The powers that be made sure the Country Music Association Awards started with fireworks, red-white-and-blue streamers and star-spangled guitars.
But it was Alan Jackson who stopped the show with a post-Sept. 11 anthem that had the faithful drying their eyes. "Where Were You (When the World Stopped Turning)" jumped from pangs of doubt to hugs in pews, from tuning out Hollywood trash to dusting off the family Bible.
The man in the white hat wrapped his grief and grit around a chorus that would turn an MTV programmer into a pillar of salt.
"I'm just a singer of simple songs. I'm not a real political man. I watch CNN, but I'm not really sure I can tell you the difference in Iraq and Iran," sang Jackson. "But I know Jesus and I talk to God and I remember this from when I was young. Faith, hope and love are some good things he gave us, and the greatest of these is love."
No one really needed to prove that real country music could handle hard times. After all, the year's hot song was a 1913 flashback that opens with the cry: "I am a man of constant sorrow, I have seen trouble all my days."
"Country music goes through cycles like everything else and we've seen lot of sanitized music in recent years," said Gene Edward Veith of Concordia University-Wisconsin, co-author of "Honky-Tonk Gospel."
"Right now the pendulum is swinging back toward the traditional side of things. That means we're hearing more music that -- one way or another -- says suffering is a part of real life. This is music about living and dying and joy and sorrow.
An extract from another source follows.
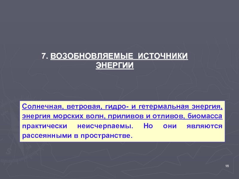 Слайд 167. ВОЗОБНОВЛЯЕМЫЕ ИСТОЧНИКИ ЭНЕРГИИ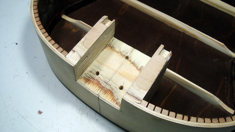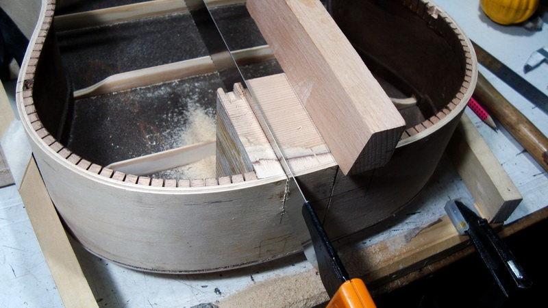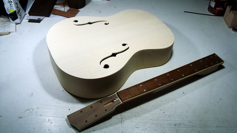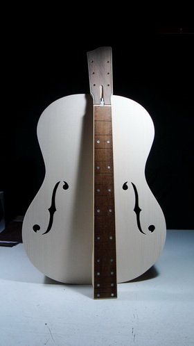 Μέχρι που τον περασμένο μήνα χρειάστηκα το καλούπι. Όμως δεν ήθελα να βγάλω από μέσα τα πλαϊνά με κίνδυνο να αχρηστευθούν - ή να τα στοιβάξω για "μελλοντικά σχέδια" και τελικά απλά να τα πετάξω. Και αφού στην resonator θα έκανα και πάλι f holes που μ' αρέσουν (στην πάνω καμπάνα), λέω "ε, δεν κάνεις και μια "κανονική" f holes να την βλέπεις να χαίρεσαι"? (πολύ μ΄αρέσουν οι f holes)

When you start talking about things like that out in normal America, you have to use the language of faith."
Some people say traditional folk music kept the flame of old-time music alive, while others credit the late Bill Monroe and his bluegrass believers. There's blues, tin-pan jazz and English balladry in there, too. But most of all, said Veith, there is the gospel music that serves as a backdrop to everything else.
Country music is about people messing up and then trying to make things right -- sin and salvation. American popular culture knows how to handle the sin part, said Veith. But most of the people who rule Hollywood and the pop charts haven't got a clue about how to handle repentance, grace and salvation.
At its best, country music delivers both sides of this sobering equation.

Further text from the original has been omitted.